本发明公开了一种高抗热震性陶瓷封严涂层的制备方法。本发明对传统陶瓷封严涂层的结构进行改进,在陶瓷面层与MCrAlY粘结底层之间制备一层致密连续的陶瓷薄膜,使陶瓷薄膜与MCrAlY粘结底层无缺陷结合,并为陶瓷面层的沉积提供一个良好的基面,从而改善陶瓷层与金属层的界面结合状态,提高涂层的抗热震性能。该陶瓷薄膜的制备工艺可以是超低压等离子‑薄膜技术(LPPS‑TF)或CVD等致密薄膜制备技术,薄膜的厚度为10nm~200μm,成分可以各类氧化物陶瓷或与面层成分一样及相近,组织结构可以是均一的或是梯度的。

Description

高抗热震性陶瓷封严涂层的制备方法
技术领域
本发明涉及一种用于航空发动机气路封严的高抗热震性可磨耗陶瓷封严涂层的制备方法,属于航空航天技术领域。
背景技术
可磨耗封严涂层可减小发动机转子和静子之间的间隙,降低油耗、提高发动机效率和运行安全性。陶瓷基可磨耗封严涂层具有耐高温、耐腐蚀和隔热的优点,在航空发动机和地面燃气轮机的中高压涡轮外环部位均有应用,应用温度高达1200℃,是目前应用温度最高的一类可磨耗封严涂层。但是由于陶瓷材料与高温合金等金属基体在热膨胀系数上的差异,陶瓷封严涂层在应用中存在抗热震性差、容易脱落掉块等问题。
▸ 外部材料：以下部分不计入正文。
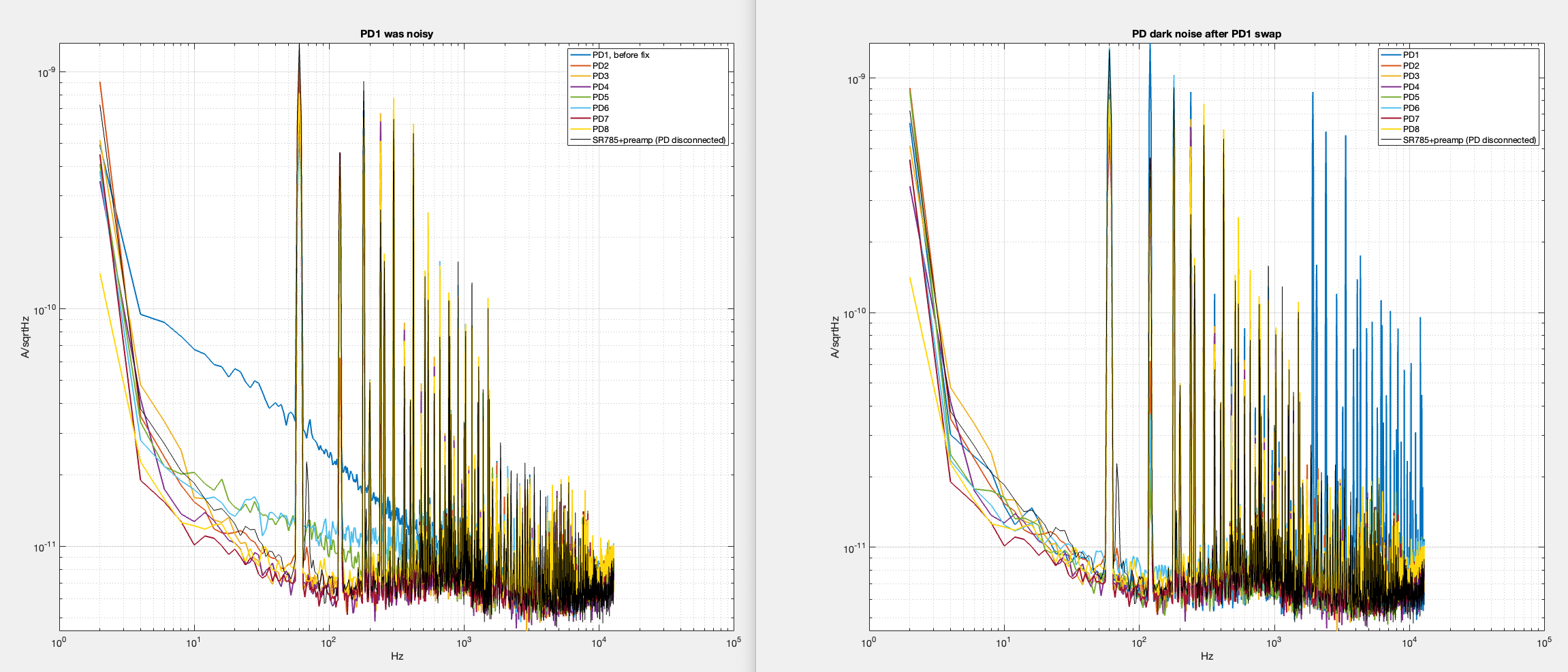 Note: Even though the plot title says "dark noise", the measurement is limited by the preamp noise and SR785 input noise (black trace). But this at least tells us that no PD is extra noisy. FYI the shot noise level for 10mA current is ~5.7e-11A/sqrtHz.

陶瓷封严涂层一般由可磨耗的陶瓷面层和MCrAlY粘结底层组成,MCrAlY粘结底层可以起到防护基体和调合陶瓷层与高温合金基体热膨胀系数的作用。陶瓷面层直接喷涂在MCrAlY粘结底层上,由于陶瓷面层沉积时的“固-液”混合特征,使得结合界面处存在大量的缺陷,成为涂层的薄弱地带,涂层的脱落往往发生在界面处。
发明内容
本发明的目的是提供一种提高陶瓷面层与MCrAlY粘结底层结合状态的方法,从而提高涂层的抗热震性。本发明的目的通过以下技术方案实现。
高抗热震性陶瓷封严涂层的制备方法,包括以下步骤:
(1)对待喷涂工件表面做常规预处理,包括除油、除锈、喷砂等操作;
(2)在预处理后的工件表面喷涂MCrAlY粘结底层;
(3)在MCrAlY粘结底层之上制备一层高致密连续的陶瓷薄膜层;
(4)在陶瓷薄膜层之上制备陶瓷面层。
该陶瓷薄膜层一方面与MCrAlY粘结底层形成连续无缺陷的界面结合,提高涂层界面处抗热应力的能力,另一方面为陶瓷面层的沉积提供了一个良好的陶瓷基面,避免其直接与性质差别很大的金属层直接接触,从而极大的改善了陶瓷面层与金属底层的结合状态,显著提高涂层的抗热震性。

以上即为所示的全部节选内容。